Penicillin resistance was seen in 14(35%) isolates. An intermediate penicillin resistance was seen in 9(22.5%) isolates who belonged predominantly to serotype 6 (n=6). A high level of penicillin resistance was seen in 5(12.5%) isolates who belonged largely to serotype 14 (n=3) [Table/Fig-2]. One isolate of serotype 6, which was obtained from pleural fluid, was highly resistant to penicillin. Resistance was not seen in any of the isolates which were recovered from CSF (n=3, serotypes 3, 6 and 14). The MIC range for penicillin was 0.016-4μg/ml.

[Table/Fig-2]:

Penicillin resistance and serotype distribution in IPD isolates

Serotypes IPD Isolates with Penicillin resistance
No. of Isolates S* I† R‡
1 3 3 - -
3 1 - 1 -
4 1 1 - -
5 5 4 1 -
6 10 3 6 1
9 2 - 1 1
10 1 1 - -
14 7 4 - 3
15 1 1 - -
18 5 5 - -
19 4 4 - -
Total 40 (100%) 26 (65%) 9 (22.5%) 5 (12.5%)

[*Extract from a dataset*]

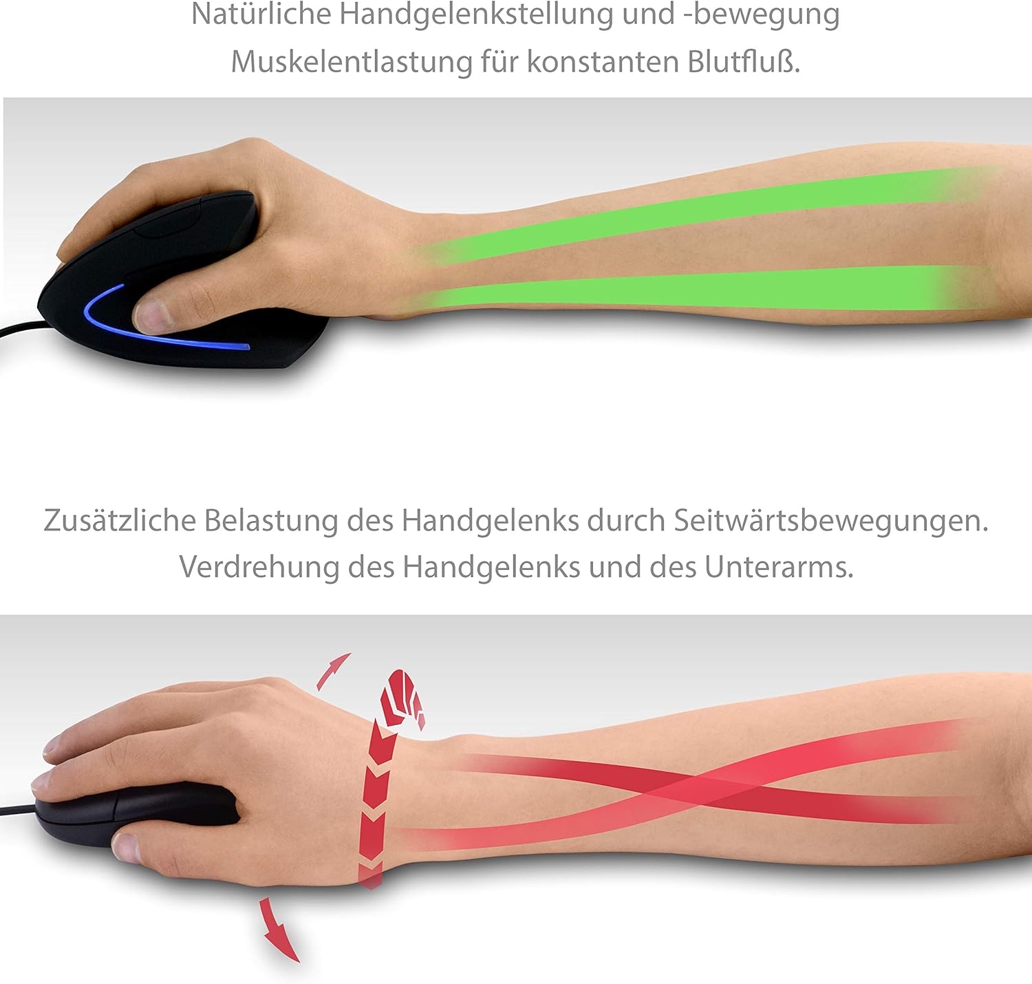 Тази вертикална мишка се поставя тук: Точно както при ръкостискане, ръката ви остава в отпусната поза. Ръката ви също е поддържана от ергономичния дизайн и неплъзгащата се повърхност на мишката. USB мишката има десен и ляв бутон на мишката, бутон напред/назад за удобно сърфиране в мрежата и превключвател за dpi, който ви позволява да превключвате честотата на дискретизация от 1000-1600 dpi по време на работа. Благодарение на оптичния сензор, вертикалната USB мишка работи върху почти всички повърхности с най-висока прецизност. Резюме на продукта:

*Susceptible; †Intermediate resistance; ‡High Resistance

Resistance was most common to TMP-SMX [Table/Fig-3]. 77.5% (n=31/40) of isolates were resistant to TMP-SMX, which predominantly belonged to SGTs 14 (n=5) and 6 (n=6). Among these isolates, high level and intermediate level resistances to TMP-SMX were observed in 42.5% (n=17/40) and 35% (n=14/40) isolates respectively.

[Table/Fig-3]:

[Table/Fig-3]:

Drug resistance pattern of S. pneumoniae

Ceftriaxone and Erythromycin resistant strains accounted for 15% and 12.5% strains, who belonged predominantly to SGTs 14 and 6, in that order. All the Erythromycin strains were highly resistant. Resistance to different antimicrobials, with serotypic distribution, has been represented in [Table/Fig-4].

[Table/Fig-4]:

IPD S. pneumoniae isolates- Serogroup/types and their antibiogram

SGT No. of Isolates Penicillin TMP-SMX* Ceftriaxone Erythromycin Levofloxacin Vancomycin
S I R S I R S I R S I R S I R S I R
1 3 3 - - - 3 - 3 - - 3 - - 3 - - 3 - -
3 1 - 1 - - - 1 1 - - 1 - - 1 - - 1 - -
4 1 1 - - - - 1 1 - - 1 - - - - 1 1 - -
5 5 4 1 - - - 5 5 - - 5 - - 5 - - 5 - -
6 10 3 6 1 4 5 1 8 1 1 7 - 3 10 - - 10 - -
9 2 - 1 1 - - 2 2 - - 1 - 1 1 - 1 2 -
10 1 1 - - - 1 - 1 - - 1 - - 1 - - 1 - -
14 7 4 - 3 2 2 3 4 3 - 6 - 1 7 - - 7 - -
15 1 1 - - - 1 - 1 - - 1 - - 1 - - 1 - -
18 5 5 - - 2 1 2 4 1 - 5 - - 5 - - 5 - -
19 4 4 - - 1 1 2 4 - - 4 - - 4 - - 4 - -
Total 40 26 9 5 9 14 17 34 5 1 35 - 5 38 - 2 40 -

*Trimethoprim/Sulfamethoxazole.

Minimal resistance (5%) was observed to Levofloxacin. As was expected, Vancomycin was the antibiotic to which all the isolates were susceptible.

Multidrug Resistance

Multiple resistance was observed in 20% (n=8) of the strains. Penicillin, TMP-SMX and Ceftriaxone was the most common combination, which accounted for 62.5% (n=5/8). Intermediate and high penicillin resistances were observed in 3 and 5 isolates correspondingly. MDR strains belonged to SGTs 6 (n=3), 14 (n=3) and 9 (n=2), in descending order.

Discussion

Reports on increasing resistance to the commonly used antibiotics and the possible prevention of life threatening infections by using vaccines, monitoring of serotype prevalence and susceptibility pattern of S. pneumoniae have assumed great significance [19]. The serotypic distribution varies with geographical area, disease, age, socioeconomic conditions, season, vaccine usage and type of cohort [6]. Data on serotypic prevalence and antibiotic susceptibilities of invasive S. pneumoniae isolates in children who are ≤5years of age are limited in India.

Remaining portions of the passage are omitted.